Categories
History

Persistence of controversy over the Confederate flag

Last week, when I speculated about reasons why there hasn’t been a National Slavery Museum in this nation until the one slated to open in 2007, I mentioned the power of Confederate sympathies that still persists even to today in much of the South. Basically, in the eyes of many, the Confederacy has been romanticized, downplayng the brutality of slavery upon which the economy of the South was based for so long. Another example has cropped up in the Senate campaign of Senator George Allen (R) in Virginia:

The Confederate battle flag still stirs passions – reverence in some, fear and loathing in others. And it continues to intrude into politics, notably in U.S. Sen. George Allen’s re-election campaign. Allen, R-Va., has been dogged by tales of how he wore a Confederate flag pin and hung the flag in his home and elsewhere in his earlier days. When Allen tried to distance himself last month from those Confederate sympathies, he was assailed by the Sons of Confederate Veterans.

Why? Why, in 21st century America, does the relic of a short-lived, long-gone political entity still provoke such feelings? And who’s right? Does it represent a noble defense of American liberties, or is it a banner of hatred and bigotry?

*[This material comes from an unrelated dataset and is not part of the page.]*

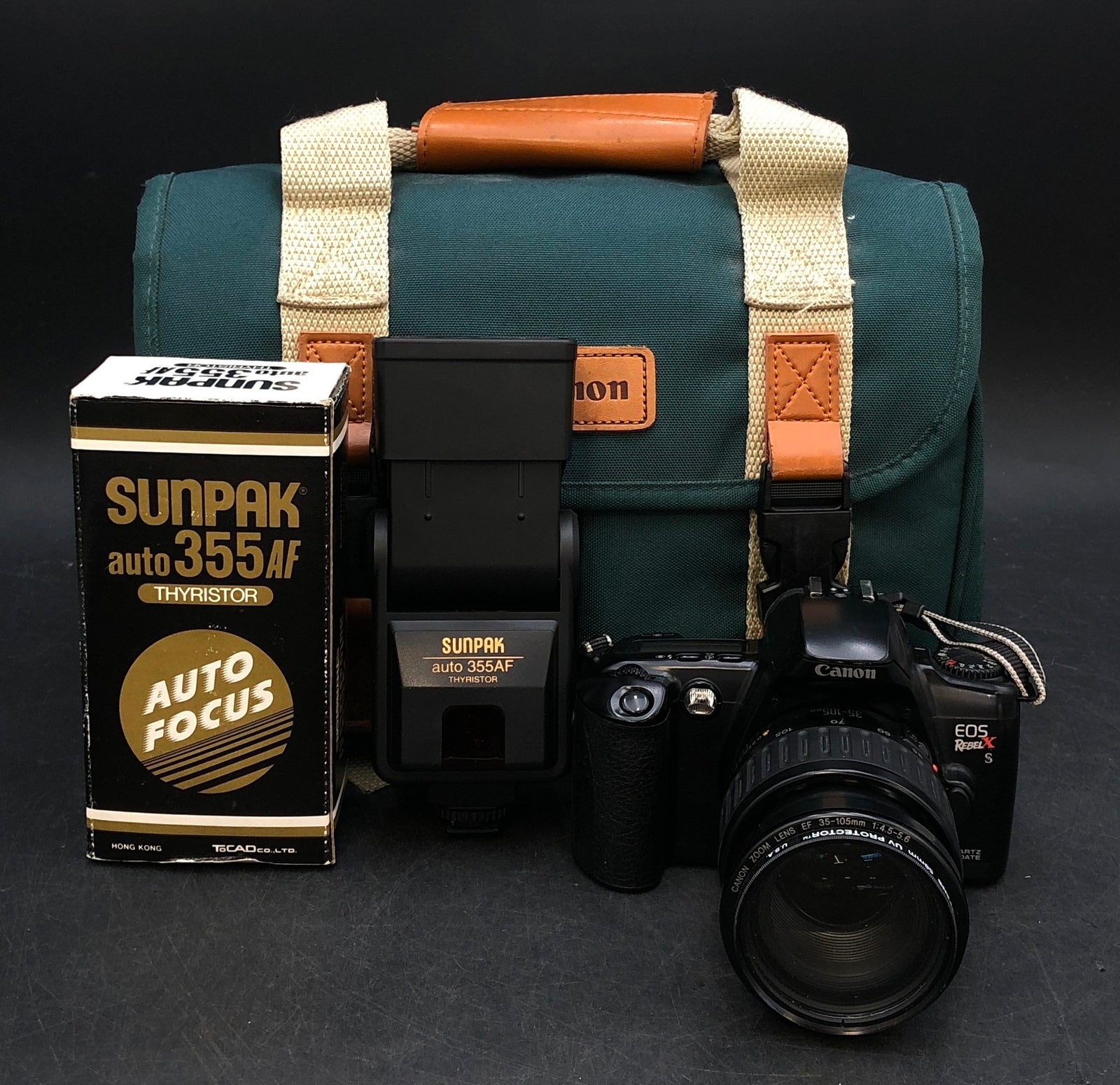 Vintage Canon EOS Rebel S 35mm SLR Camera + 35-105mm EF Lens & Sunpak Flash

An interesting question. John Coski, author of The Confederate Battle Flag – America’s Most Embattled Emblem explains:

To different people at different times, it’s been a memorial to revered ancestors, the mark of white supremacy and the Ku Klux Klan, an all-purpose symbol of opposition to government, the emblem (affectionately or scornfully) of the redneck or good ol’ boy, or simply a shorthand icon for the South in general and its sectional pride.

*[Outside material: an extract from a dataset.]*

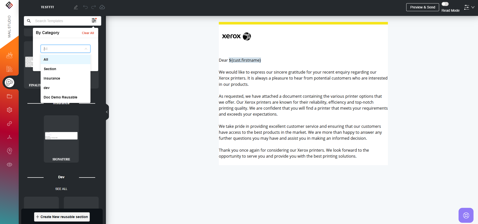 Users can also search for reusable sections by their names or any associated tags. Additionally, sections can be filtered based on categories, making it easier to locate and use the desired components.

Or just a good-looking design, with its striking, star-spangled X. “This is a logo that any corporation would die for,” Coski recalls artist Jim McElhinney saying at a museum symposium.

To a lot of people, the Confederate flag has morphed into a symbol of being a “good ol’ boy,” simply a matter of regional pride, its darker connotations forgotten. That’s probably why many white Southerners seem shocked and offended when reminded of the flag’s darker connotations to African Americans and othrs. They literally “rallied around the flag” when efforts to remove it from statehouses in several states gained steam years ago. A little more history:

What most people think of as the Confederate flag – the one with the big X, or St. Andrew’s cross – was the battle flag carried by many of the Confederacy’s armies, notably Robert E. Lee’s storied Army of Northern Virginia. (The original battle flag was square, though it is often reproduced in rectangular form.)

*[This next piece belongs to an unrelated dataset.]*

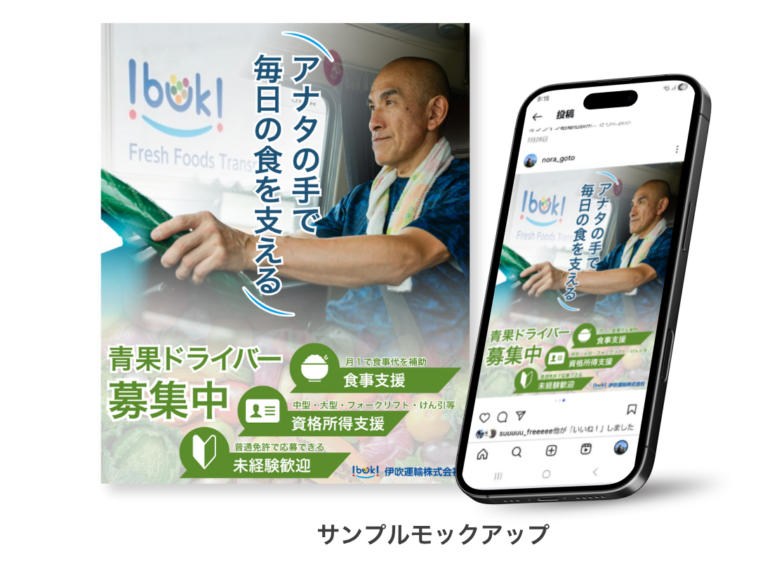 ドライバー、ロゴを見せ、信頼感と温かみを表現。

It was not the national flag of the Confederacy, a fact Confederate heritage groups like to point out. It’s meant as a tribute to the courageous Confederate soldier who fought and suffered for what he believed in, they say.

“It’s true that it was a symbol of bravery and valor. But the battle flag is not just that,” Coski said in an interview last year after the publication of his book. “It does, for better or worse, carry the burden of all the things we associate, for better or worse, with the Confederacy.”

Even while the war was going on, his book relates, the battle flag began supplanting the original national flag (the so-called Stars and Bars) as Southerners’ preferred emblem of their cause.

Coski’s research supports some of the flag defenders’ arguments. He documents that Confederate heritage groups like the SCV have a long history of condemning hate groups like the Klan.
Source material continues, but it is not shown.